▶ [WHAT THE EXERCISE ASKS]
Below are records with pictures in them. Transcribe everything from the line containing "11月2日,记者从市桥河南岸" down to the line containing "Bolsos ligeros con", exactly, and leave the pictures behind.

▶ [DATASET CONTENT]
════════════════════

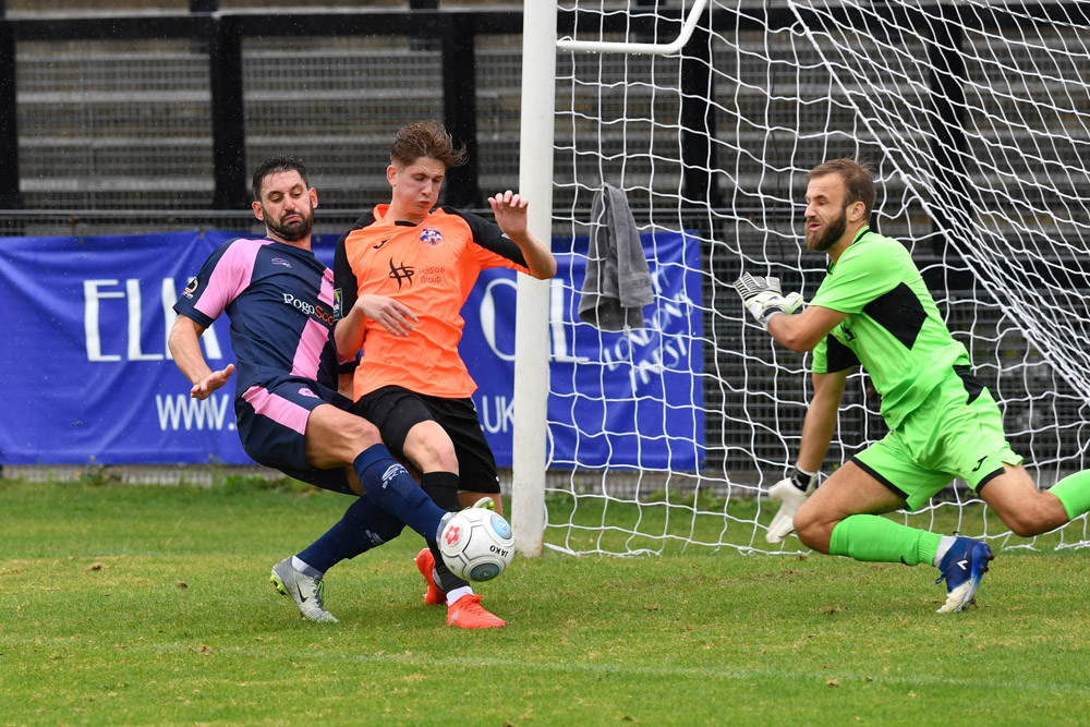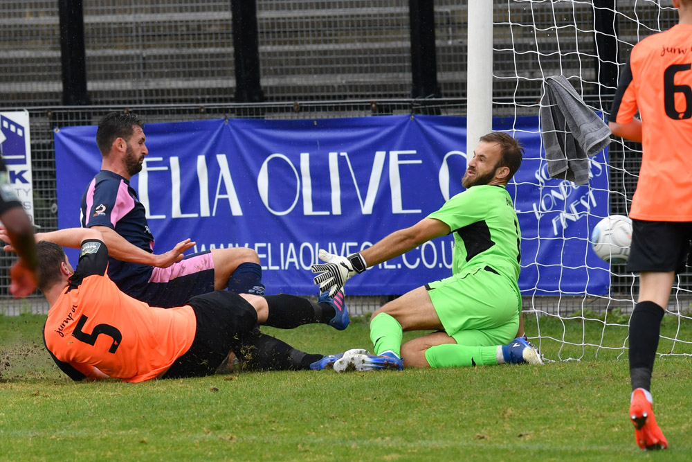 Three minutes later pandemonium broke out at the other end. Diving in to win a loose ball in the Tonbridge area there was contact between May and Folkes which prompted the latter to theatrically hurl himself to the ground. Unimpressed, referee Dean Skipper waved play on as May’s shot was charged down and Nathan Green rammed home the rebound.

════════════════════

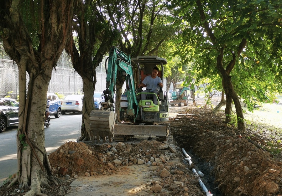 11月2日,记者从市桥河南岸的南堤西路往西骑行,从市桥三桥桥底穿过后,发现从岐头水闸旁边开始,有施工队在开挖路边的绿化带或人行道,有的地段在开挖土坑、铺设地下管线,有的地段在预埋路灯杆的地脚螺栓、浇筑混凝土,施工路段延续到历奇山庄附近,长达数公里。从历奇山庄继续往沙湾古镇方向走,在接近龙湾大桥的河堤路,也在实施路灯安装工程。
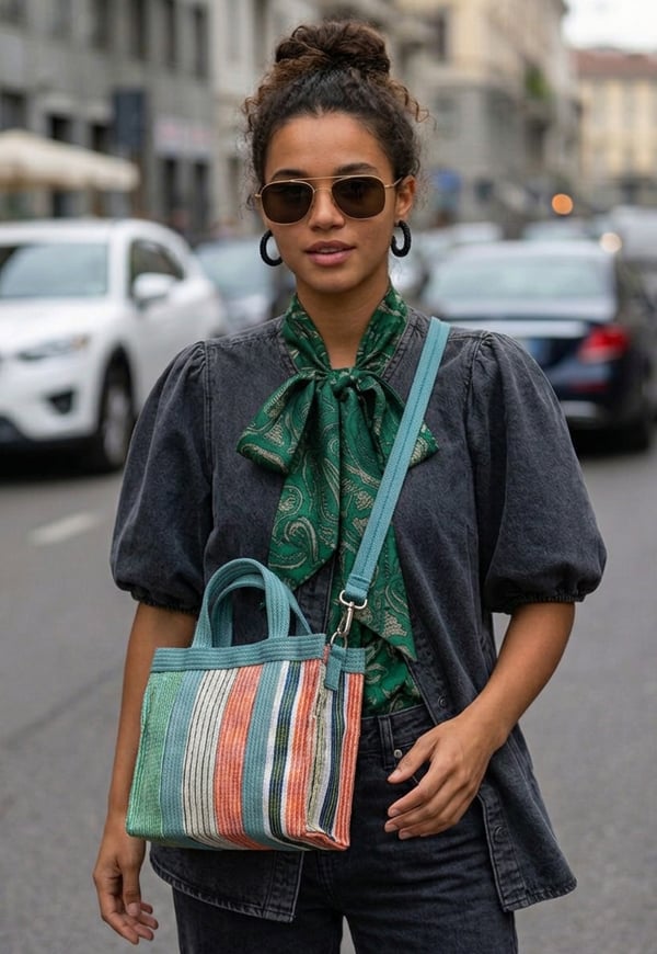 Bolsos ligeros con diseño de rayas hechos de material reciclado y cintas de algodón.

════════════════════

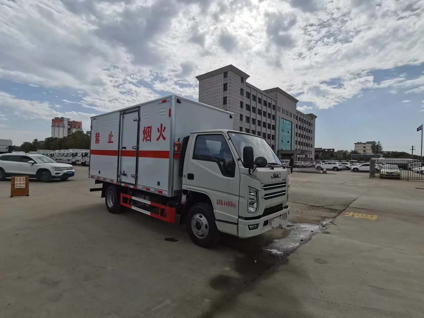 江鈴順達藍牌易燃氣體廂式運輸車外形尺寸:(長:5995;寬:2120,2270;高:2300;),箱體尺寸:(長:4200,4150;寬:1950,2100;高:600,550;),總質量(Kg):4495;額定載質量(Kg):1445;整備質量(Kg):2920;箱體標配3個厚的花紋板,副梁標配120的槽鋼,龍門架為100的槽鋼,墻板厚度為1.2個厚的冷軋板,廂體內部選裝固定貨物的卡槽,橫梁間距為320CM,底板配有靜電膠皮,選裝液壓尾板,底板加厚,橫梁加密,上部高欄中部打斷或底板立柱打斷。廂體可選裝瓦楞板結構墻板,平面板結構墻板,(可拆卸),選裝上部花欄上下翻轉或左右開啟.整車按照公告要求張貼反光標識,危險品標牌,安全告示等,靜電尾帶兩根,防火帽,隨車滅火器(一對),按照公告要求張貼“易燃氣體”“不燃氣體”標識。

════════════════════

▶ [TASK RESULT]
 11月2日,记者从市桥河南岸的南堤西路往西骑行,从市桥三桥桥底穿过后,发现从岐头水闸旁边开始,有施工队在开挖路边的绿化带或人行道,有的地段在开挖土坑、铺设地下管线,有的地段在预埋路灯杆的地脚螺栓、浇筑混凝土,施工路段延续到历奇山庄附近,长达数公里。从历奇山庄继续往沙湾古镇方向走,在接近龙湾大桥的河堤路,也在实施路灯安装工程。
 Bolsos ligeros con diseño de rayas hechos de material reciclado y cintas de algodón.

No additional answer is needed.